Does anyone know if the Rotary Club tourney at Portage is on for Saturday, May 10th? Any OGFers planning to attend?:T


----------



## robert10 (Oct 22, 2011)

Thats a good question? I would like to know also. I'll take any info about this tourny..

Thanks


----------



## Buzzking (Feb 15, 2013)

It's this Saturday at Portage. $75 to get in + $10 for big bass and you can sign up at the ramp with no late fee. Go to www.porsumro.org to get more info.


----------



## WB185Ranger (May 18, 2006)

Anyone know the results?? Thanks!


----------



## BASSINONE (Oct 24, 2013)

12 lbs won. took 6 lbs to get a check. small turn out. less than 50 boats.


----------



## StratosCaster (Apr 21, 2014)

I think either 16 or 18+ lbs took 1st.
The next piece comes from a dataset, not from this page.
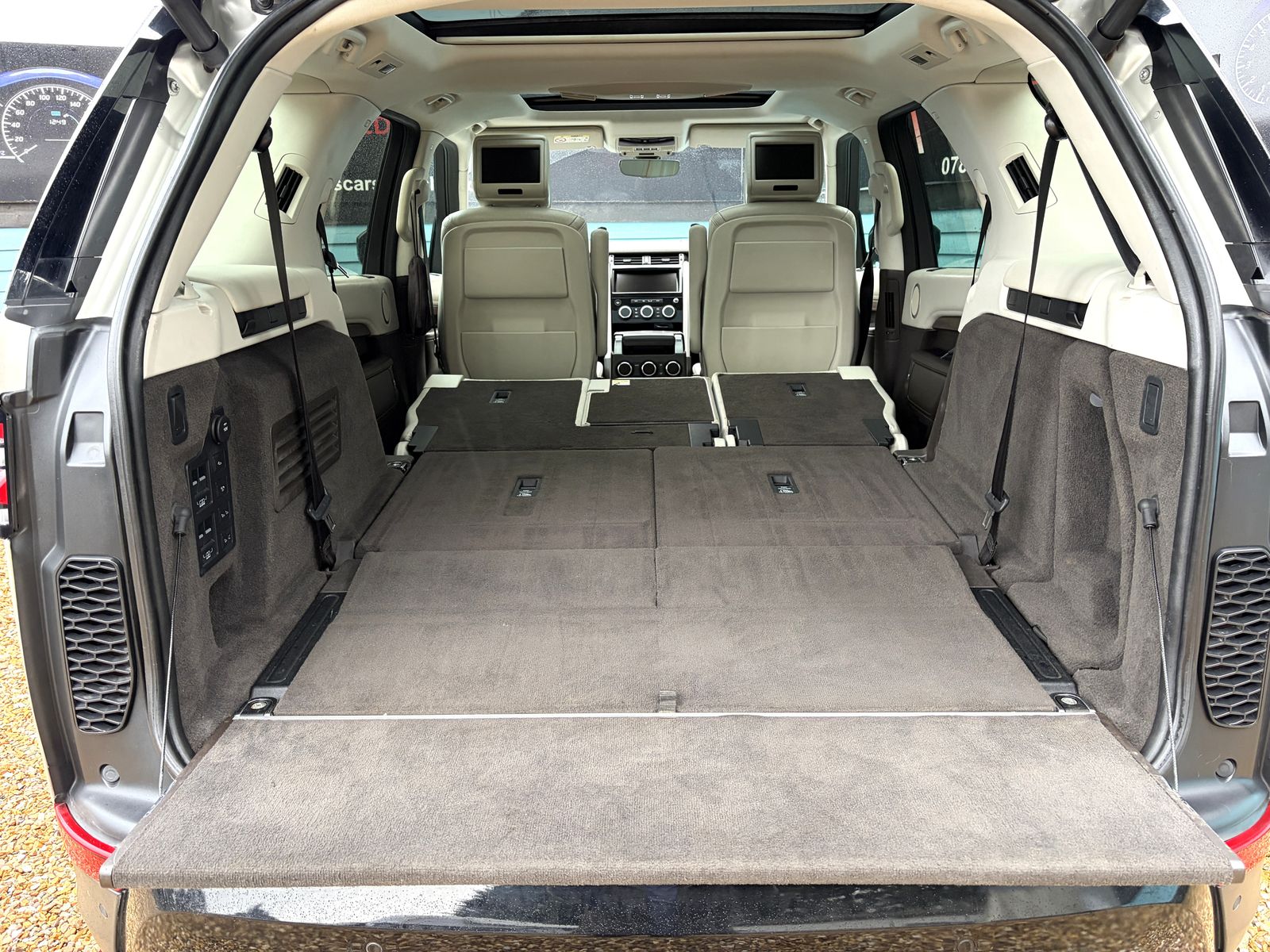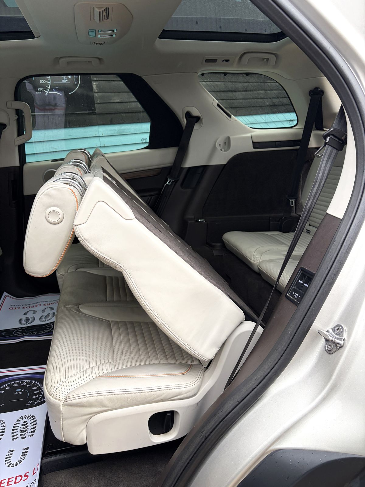 Land Rover Discovery 3.0 TDV6, HSE Luxury, 4wd, diesel, automatic, 7 seats, s/s, Euro 6, in Aruba premium metallic paint £1660, with full ivory heated air cooled electric memory perforated seats, center seats electric power folding and heated seats, rear 7 seats electric power folding, all dash board or button controlled, Piano gloss black interior trim, gloss black roof with twin sun roofs front tilt slide with fixed rear, both with electric sun blinds, gloss black electric power folding mirrors, gloss black front and rear spoilers, extras incude head up display £1035, electric deployable tow bar £985, park assist with parallel parking and park exit £935, front and rear park distance with reverse camera and 360 surround view, climate front and rear seats £520, adaptive LED signature head lamps £490, factory privacy glass £390. full lenth roof rails £315, front center consul cooler compartment £235, home link £235, infared reflective windscreen £210, 21" gloss black alloy wheels on premium matching Pirelli tyres with locking wheel key £890, full size spare wheel, Incontrol touch pro navigation, electric air suspension, Traction control hill hold assist, 4wd with Terrain responce 2, hill decent and wade control, multifunction heated electric leather steering wheel with paddle shift option, cruise control, computer and voice recognition blue tooth hands free phone system, Rear DVD players in head rests with wireless headphones £1295, Dab radio incontrol apps with usb and aux ports with Meridian sound system, forward alert, rear traffic detection, lane keep assist, blind spot monitor, traffic sign recognition with head up windscreen display, driver fatigue alert, factory privacy glass to the rear, electric open close tailgate, Land Rover premium fitted mats to the front and rear, excellent condition inside and out with full service history last serviced 17/03/2026 at 83672 miles, belts all serviced and replaced 2025, Mot to 15/03/2027 with no advisories.

Top 7 places were all in the teens. Big Bass was 8.01 lbs. My Wife had second biggest with 7.98 lbs. It was a 28 boat field. Poor turn out due to other tourneys going on at the same time.


----------



## Buzzking (Feb 15, 2013)

The Rotary club did not zero the scales therefore you need to deduct 4.51 lbs on those totals. Thus 1st was only around 13 lbs(Westrich & partner), second Joey Reed & his partner, & 3rd to Matt Amedeo & son. Amedeo had big bass which actually weighed 3-1/2 lbs. My son & I had a rough day and he lost a Powell Endurance flippin stick with a LH Revo Premier on it. (He didn't lose it because it fell off the boat somewhere?)If any one finds it PM me there will be a reasonable reward for your efforts.


----------



## StratosCaster (Apr 21, 2014)

Thanks Buzzking. I stand corrected. I must have missed the fact that the scales were wrong. Although it did seem odd that the Big fish weighed so much. I just thought it may have been egg weight...LOL


----------



## BASSINONE (Oct 24, 2013)

you are correct buzz. scale was 4.15 off. the winner had a little over 16 lbs, deduct 4.15. Matts big fish was a little over 4 lbs. Stratos, u realy thought you had a bass over 7 lbs??? get serious, this is Ohio, not texas....lol I though the tourney was fine and for a good cause, just low turn out. More people should come out next year, it was fun. We had 5 llbs, and lost 2 good fish, thats fishing.....


----------



## StratosCaster (Apr 21, 2014)

Bassinone, like I said...I stand corrected. I missed the fact that the scales were wrong and I thought the weight seemed odd, but just thought it may have been full of eggs...and no this is not Texas. I realize this is Ohio and that the state record Largemouth is 13+ lbs. So an 8 lb Bass is not out of the realm of possibility and I hope you catch one someday. Geezzz give me a break...LOL


----------



## BASSINONE (Oct 24, 2013)

iTS ALL GOOD STRATS....JUST MESSING WITH YA


----------